Meanwhile, from the battle line of Europe there were coming indications that a cessation of hostilities must be near. Eager anticipation, therefore, speedily gave way to wild demonstration when on the morning of Nov. 11, 1918, word was received that an armistice had been agreed upon. Business was suspended, prayers of thanksgiving were offered in the churches, parades were formed, whistles shrieked, bells jingled, flags fluttered. Every house showed its bunting; every citizen expressed in his own way joy, relief, and gratitude at the indications of peace.

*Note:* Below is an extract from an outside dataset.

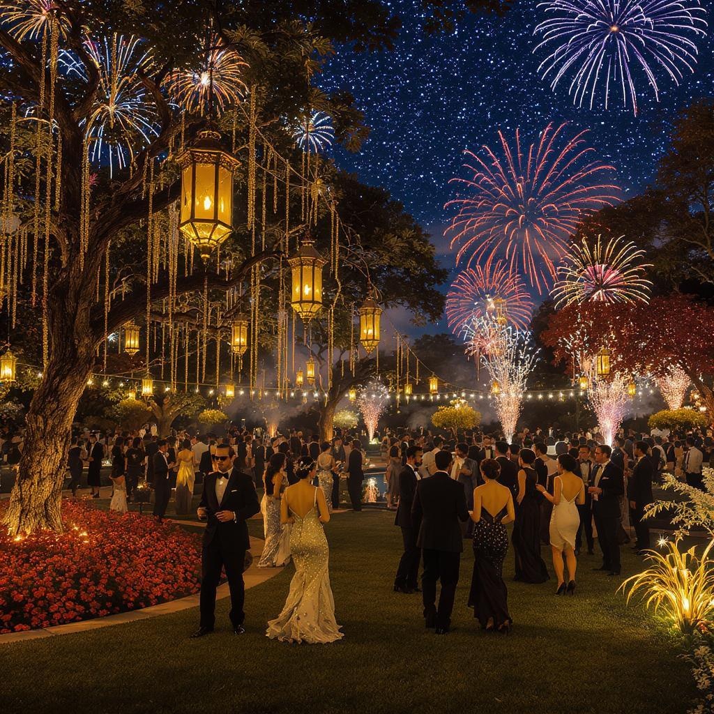 A luxurious 1920s-themed Gatsby party unfolds under a starry night sky, with a lively crowd of elegantly dressed guests dancing joyfully on a manicured lawn illuminated by ornate lanterns. Colorful fireworks burst overhead, casting vibrant reflections across the shimmering garden pond. The scene captures the essence of opulence and revelry, with meticulous attention to the intricate details of the era's fashion and decor, presented in stunning 8k resolution, providing a breathtaking visual experience.
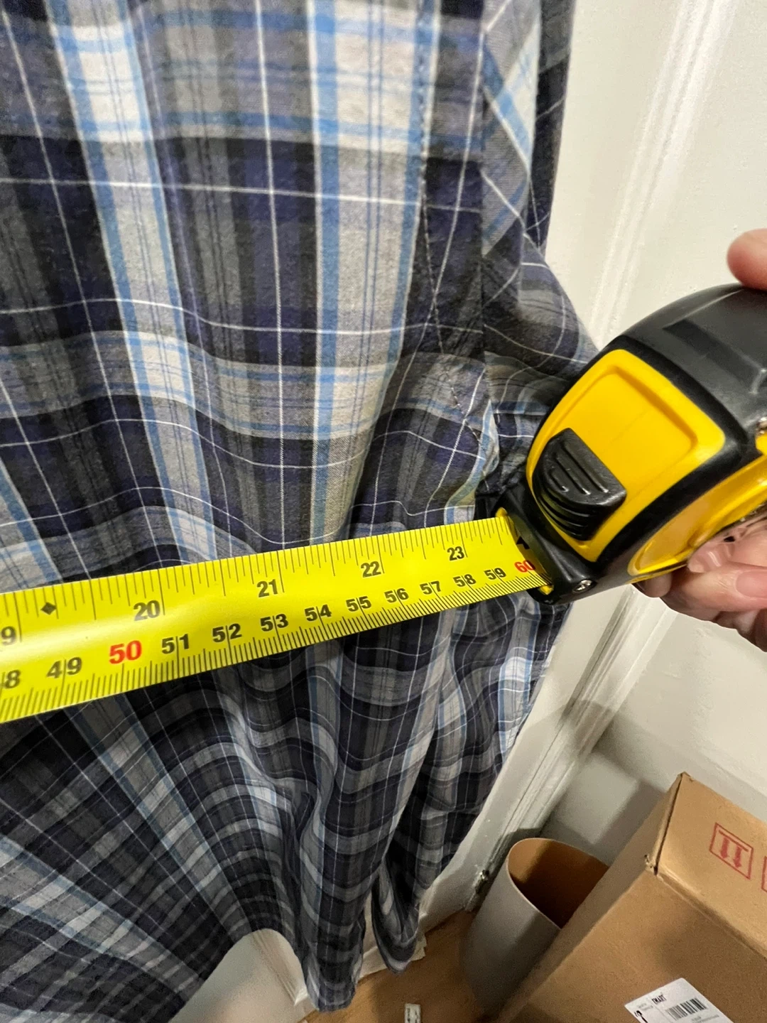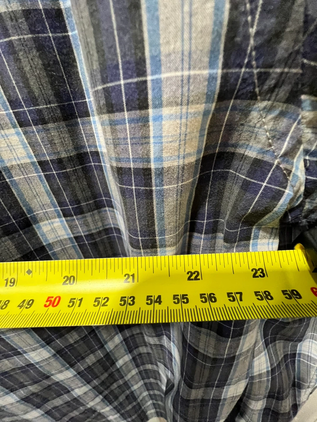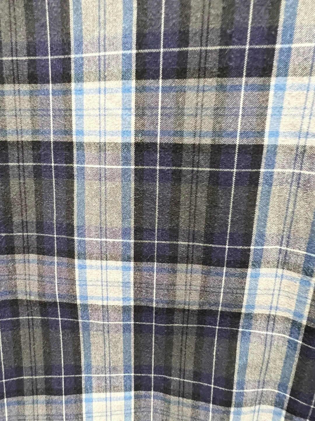 Men's GAP long-sleeve button-up shirt with a blue, grey, and white plaid pattern. It's a size XL. Great for casual wear!

On August 15, 1919, calamity again visited the county this time in the form of a flood. Heavy rains for a week so saturated the soil and filled the streams that the downpour of the memorable Wednesday of Aug. 15, broke dams, overflowed river banks, swept away bridges, flooded streets, cellars and first floors of dwellings, and drowned small animals such as pigs and chickens. Electric lines were broken, street lights were out, and railroad traffic was suspended. Crops were either destroyed or badly damaged. Joyce Mill, Bloomery, and Pennypacker Bridges were completely wrecked, as was likewise a bridge on the state road near Federalsburg. Falconer Bridge stood intact with a thirty foot gulley cutting the road each side of it. The total damage to roads and bridges was estimated at $60,000.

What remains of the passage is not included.